В сумерках ещё было видно, как разбуженные птицы перелетают в ветвях, словно деревья перебрасываются крылатыми камнями. Осины сверкали изнанками листьев как невидимые великаны белками глаз.
Садовник подвёл женщину к землянке, о существовании которой она не подозревала, чтобы пристыдить её. Он вызвал Ивана из тайного убежища, и Иван вышел из-под куста крушины – Садовник разбудил его, но голос женщины уже стал частью его сна.
Юноша вышел, от него пахло сеном, тотчас стемнело. Грудь Ивана в вороте рубашки так приятно белела в темноте, что женщина бросилась к Ивану хотя и наигранно, но с радостью, и птичьим голосом выпевая «Дроля мой! Дролечка!» оттеснила юношу к крушине.
Они провалились в землянку, и озадаченный Садовник пошёл домой, глядя себе под ноги, в дымки тумана, и думая, что и ему нужно выписать сюда сына.
Женщина оказалась рябая, на десять лет старше Ивана, вдова с двумя детьми. Она взяла Ивана «во двор» и уморила его работой не от злобы, а потому, что Иван был безотказен и никогда не подавал вида, если ему было плохо. Он и у падчериц был на побегушках и умер, надорвавшись, сорока пяти лет.
4
К Корнею Ивановичу приехал сын с женой и ребёнком. Владимир Корнеич был ровесником Евдокии, но взгляд у него был такой тяжёлый, что даже отец не мог выдержать его, и отводил глаза. Владимиру Корнеичу не было дано ни одного таланта, но красота мира ранила его. Овладеть красотой мира может только художник, неудавшийся художник может овладеть только миром. Карпинка сразу стала миром Владимира Корнеича. Он страстно возжелал этот Дом, эти сады, лес, заболоченные пруды с тайными родниками, сосняк – сосны, растущие треугольником, в середине которого глазом смотрит пруд с чёрной водой, окопанный земляными валами, словно это веки, и обрамлённый как ресницами кустами акаций.
Владимир Корнеич устроился на пилораму, – его отцу недолго оставалось до пенсии, а Владимиру Корнеичу – до царства. Ему казалось, что, когда Карпинка будет принадлежать ему, боль уйдёт из сердца, потому что боль, причиняемую красотой, он принимал за жажду обладания.
5
Когда у Евдокии начались схватки, Иван Васильевич повез её в Шовское. Чтобы меньше трясло, гнал лошадь не по дороге, а по краю Сада, яблони, груши и кусты били его растопыренными ветками, а лошадь фыркала, и чихала от пыльцы, налипшей на ноздри.

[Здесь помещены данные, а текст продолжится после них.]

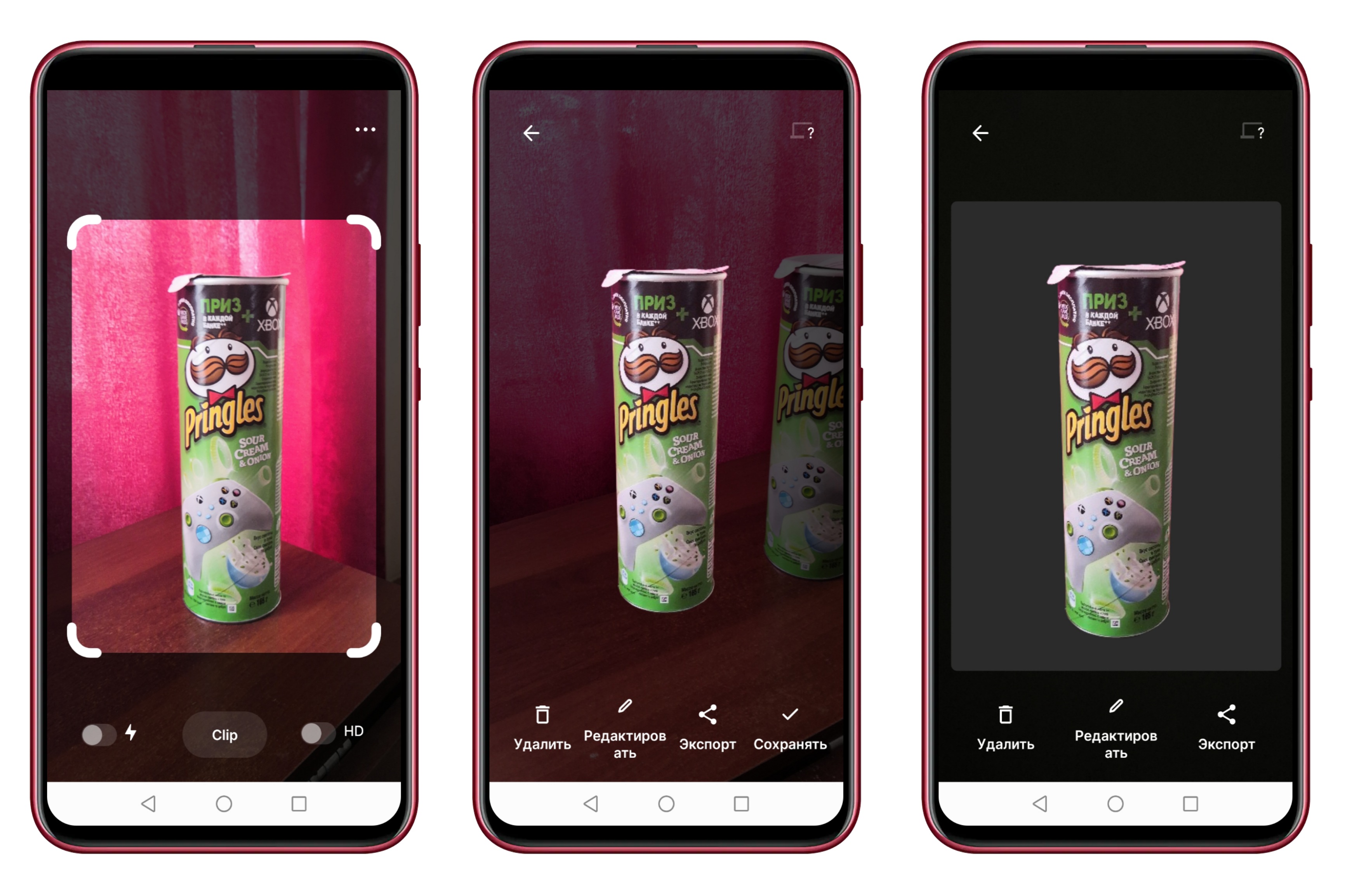 3. Откроется камера. В указанной области размещаем нужный объект и нажимаем "Clip". В течение 5-7 секунд приложение даст вам фото объекта без фона.

Евдокия лежала на свежем сене, – запах засыхающей травы есть запах усталости – и ветки пролетали над ней. Сквозь них она видела сумеречное небо, постоянно меняющийся рваный узор и светлые проносящиеся цветы на ветках, неотличимые в движении от разбуженных бабочек. Цветы казались ей разорванными, взорвавшимися бутонами, напряжёнными, как выгнутые ладони. Цветы тужились, чтобы породить завязь.
Весь Сад изогнулся и напрягся в родовых схватках, и, хотя разделённая мука и не стала легче, но исчез ропот, Евдокия не причитала больше: «За что мне такие тяги, рятуйте меня», и на столе сквирновской акушерки её окружал нежный и, как всё нежное, тревожный запах цветущего Сада.
Роды были тяжёлые, и перед глазами Евдокии в кровавых нимбах стояла яблоня, та, что на Ягодной Поляне, и в безветрии лепестки медленно, как капли пота, сползали по воздуху.
Когда через неделю Иван Васильевич, Рита и Евдокия везли домой красного, как индеец, мальчика с мордочкой лягушонка, мальчика, над которым уже витало имя Василий, Евдокия увидела, что Сад облетел и расслабился, и деревья кормят своими соками крошечные, ни на что не похожие плоды, только яблоня на Ягодной Поляне засохла, обрубленная Садоводом, чтобы не темнила ягодам, и лепестки и листья, сухие, как кожицы, мусорно окружили мёртвый ствол.
6
Катя была гордячка, в сквирновском клубе с ней боялись и пошутить. Она не смеялась, стояла у открытого окна и сердито глядела на луну, так, что её раскрывшийся зрачок полностью вбирал сияющий круг. Клубящиеся лунные тени плавали по напудренному лицу. Катя злилась на пьяного баяниста и разрывала черёмуховую гроздь, раскидывая обрывки белых цветочных крылышек. Кратеры виднелись в лунном зрачке с чёрным ободом.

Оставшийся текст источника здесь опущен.